Veröffentlichungstag der Patenterteilung 05.09.2002
Veröffentlichungstag im Patentblatt 05.09.2002
IPC-Hauptklasse B25B 23/145
IPC-Nebenklasse B25B 21/02   

Beschreibung[de]

Die Erfindung betrifft einen Hydroimpulsschrauber mit den Merkmalen des Oberbegriffs des Patentanspruchs 1.

In solchen Hydroimpulsschraubern wird die Abtriebswelle über das Schlagwerk mit Schlägen beaufschlagt, wodurch die Abtriebswelle und damit das mit ihr verbundene Schraubwerk ruckartig gedreht werden. Bei Schraubverbindungen müssen die Schrauben oder Muttern bis zu einem vorgegebenen Drehmoment angezogen werden.

Aus der EP 0 292 752 A2 ist ein solcher Hydroimpulsschrauber bekannt, bei dem Hydraulikkammern des Schlagwerks mit einer Messkammer verbunden sind, die über eine kraftbeaufschlagte Ventilkugel als Druckmessglied mit einem Zylinder verbunden ist. Ein Kolben des Zylinders betätigt über eine Druckstange ein Abschaltventil zur Unterbrechung der Druckluftzufuhr zum Druckluftmotor. Eine derartige hydraulische/mechanische Abschaltung zeigt prinzipiell gute Ergebnisse, jedoch bereitet die Einstellung des Abschaltpunktes mitunter erhebliche Schwierigkeiten. Zur Einschaltung des Abschaltpunktes muss nämlich die Vorspannung der die Ventilkugel beaufschlagenden Druckfeder eingestellt werden, was nur relativ grob und mit viel Feingefühl möglich ist. Aufgrund der zur Abschaltung zu bewegenden mechanischen Teile kann es zu Störungen kommen, was zu fehlerhaften Schraubverbindungen führt.

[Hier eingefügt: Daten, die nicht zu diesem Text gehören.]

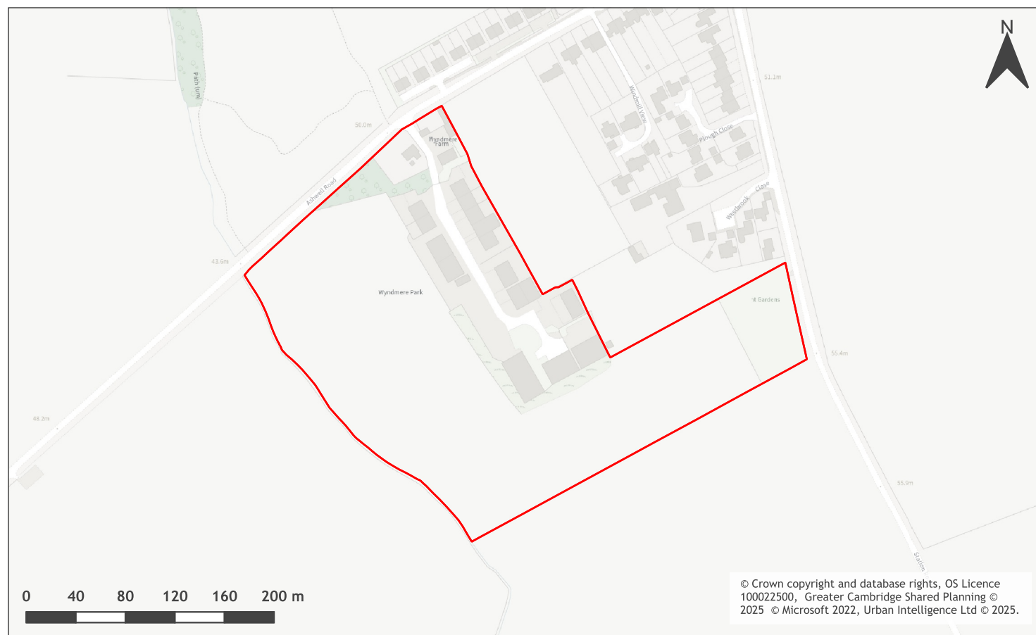
A map of Wyndmere Farm, Steeple Morden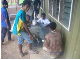
Rabbit Training Workshop in Ningal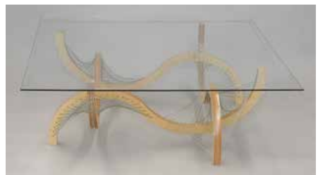
Troy Taylor "Zero Gravity Ode Robby Cuthbert"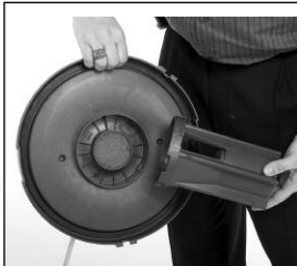
Optional H.E.P.A. protection ring and H.E.P.A. filter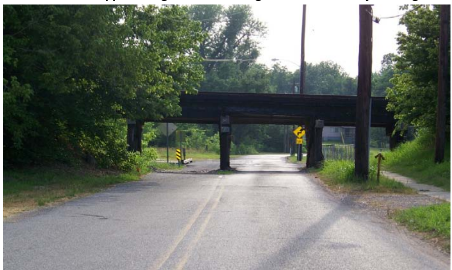
Exhibit 8: KY-1826 continued approach to Railroad Bridge and Project Bridge looking west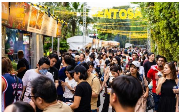
Festival-goers at Sentosa GrillFest 2022

This year, foodies can look forward to three signature events as part of Sentosa Food Fest – Sentosa GrillFest (7 to 30 July), Sentosa Restaurant Trail (14 to 25 August) and Sentosa Food Truck Fiesta (1 to 17 September) as well as a line-up of fringe events to keep guests coming back for more.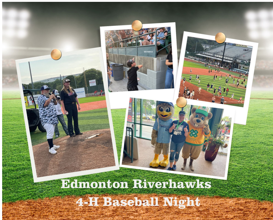
Edmonton Riverhawks 4-H Baseball Night

The Edmonton Riverhawks look forward to hosting another 4-H Baseball Night next season ~ hope to see you all there!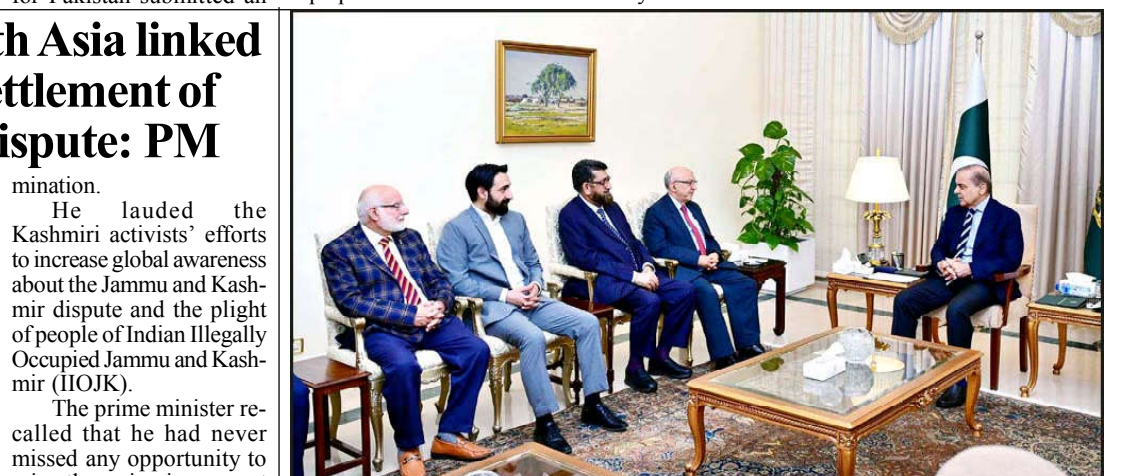
ISLAMABAD: A delegation of Kashmiri Diaspora activists calls on Prime Minister Muhammad Shehbaz Sharif.

It may be mentioned here that the government of Balochistan declared Tuesday, 21st as a day of national mourning in the province, in expression of fraternal solidarity on behalf of the government and people of province with the government and people of Iran on the sad demise of Iranian President and other dignitaries.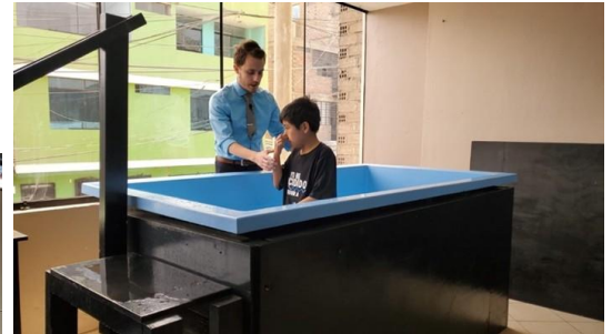
I was privileged to baptize 10 people on our Baptism Sunday.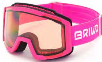
936 PINK - P1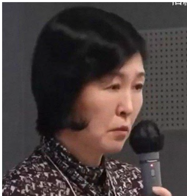
Japanese writer and investigative journalist Masumi Fukuda speaking in Tokyo in January 2024

Seasoned writer and journalist encourages believers to speak out and demonstrate: "Raise your voice!"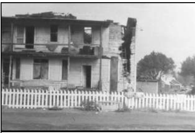
Figure 8: The Boarding House after the 1964 fire.

Short, W. H., 1971, From whence we came: Manuscript from the Deer Park Congregational Church, 66 p.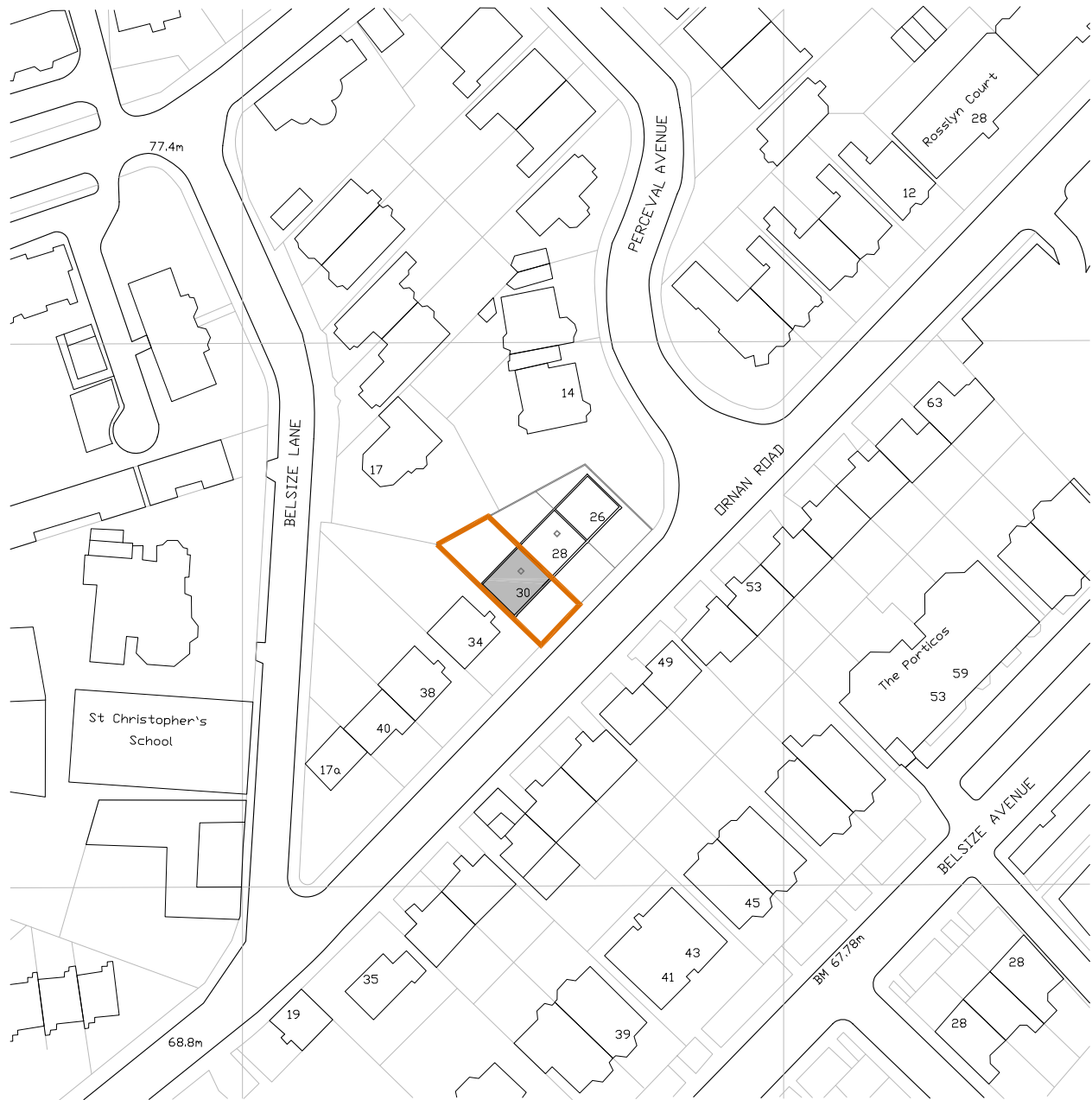
EXISTING Location Plan SCALE 1:1250@A3 LP-01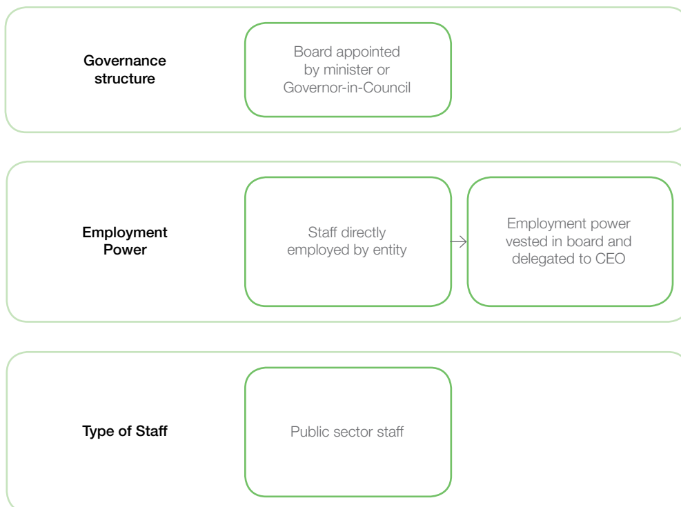
Figure 4: Standard model for public entity employment arrangements

Figure 4 outlines the standard model for public entity employment arrangements in Victoria.

Aus der US 3 334 487 A ist ein Impulsschrauber mit einer Abschalteinrichtung bekannt. Der Impulsschrauber weist einen Motor und eine Impulseinheit mit wenigstens einer Lamelle auf. Die Antriebswelle des Motors ist mit einem Zylinder der Impulseinheit verbunden, in der eine Abtriebswelle exzentrisch gelagert ist. Der Zylinder der Impulseinheit bildet einen Hohlraum, in dem die Lamelle dreht. Eine Messkammer ist mit dem Hohlraum verbunden und dient zum Anlegen eines Drucks in dem Hohlraum an einen Kolben, der mit einer Bohrung und einem Kolbenfolger sowie in Kombination mit einer Feder zum Abschalten des Motors dient, falls ein voreingestelltes Drehmoment erreicht wird. Durch ein spezielles Bauteil ist das Drehmoment einstellbar. Dieses Bauteil ist mit einem Gehäuseteil verschraubt.

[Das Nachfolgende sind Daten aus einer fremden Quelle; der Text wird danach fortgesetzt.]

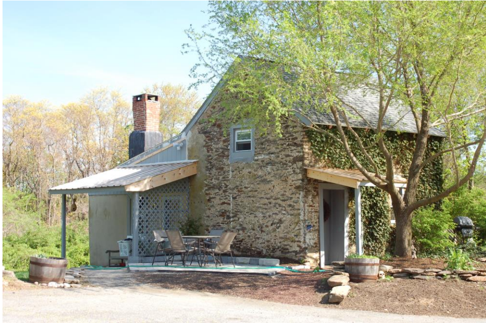
South and East (front) Elevations, Outbuilding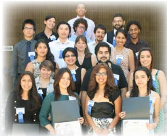
2013 Edison International/STEM College of Completion Scholarship Recipients

"Pursuing a career in STEM will allow me to work in a field that will make the world a better place for generations to come."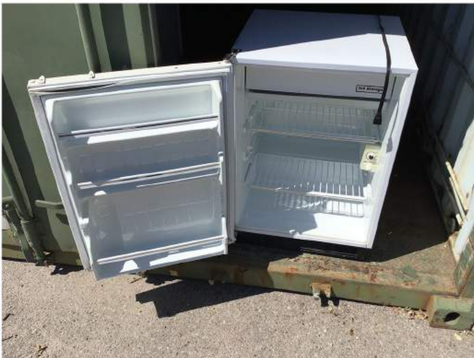
SMALL REFRIGERATOR (10 AVAILABLE) BID #: 209, 210, 211, 212, 213, 214, 215, 216, 217, 218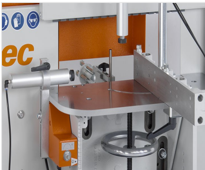
End milling machine AF 223/01

Die JP 03264271 A betrifft eine Drehmomentsteuerung für eine automatische Befestigungsvorrichtung. Ein elektromagnetisches Schaltventil dient zum Zuführen oder Abführen von Drucköl zum hydraulischen Zylinder zur Betätigung der Einrichtung. Das elektromagnetische Schaltventil wird durch einen Steuerschaltkreis gesteuert, der mit einem Vergleichsschaltkreis verbunden ist. Durch diesen wird ein von der Anzugdrehmomenteinrichtung erhaltener erwünschter Wert des Anzugdrehmoments mit einem dem tatsächlichen Drehmoment entsprechenden Wert von einem Druckdetektor verglichen. Je nach Ergebnis dieses Vergleichs erfolgt entsprechend eine Abschaltung der Vorrichtung oder nicht.

Der Erfindung liegt im Hinblick auf die EP 0 292 752 A2 die Aufgabe zugrunde, einen Hydroimpulsschrauber dahingehend zu verbessern, dass mit geringem technischen Aufwand und in sicherer Weise ein weitgehend punktgenaues Abschalten des Schraubers gewährleistet ist, wobei eine schnelle, präzise und leicht wiederholbare Neueinstellung der Abschaltwerte möglich sein soll.

Diese Aufgabe wird erfindungsgemäß mit den Merkmalen des Patentanspruchs 1 gelöst.

Die Anordnung eines elektromechanischen Drucksensors gewährleistet eine präzise Erfassung der im Schlagwerk auftretenden Druckwerte, so dass bereits vor erreichen des Grenzdrehmomentes, bei dem die Abschaltung ausgelöst werden soll, der Schraubfall auf ordnungsgemäßes Anziehen überwacht werden kann. Durch die Anordnung des Drucksensors ist der im Schrauber zu betreibende technische Aufwand nur auf die Erfassung der herrschenden Drücke und auf die Abführung der Signalleitungen beschränkt, die erfindungsgemäß durch eine zentrale Axialbohrung in der Antriebswelle des Motors abgeführt werden. Die Verarbeitung der Signale und die daraus sich ergebenden notwendigen Eingriffe erfolgen durch eine Steuereinrichtung, die über die elektrischen Signalleitungen mit dem Drucksensor verbunden ist.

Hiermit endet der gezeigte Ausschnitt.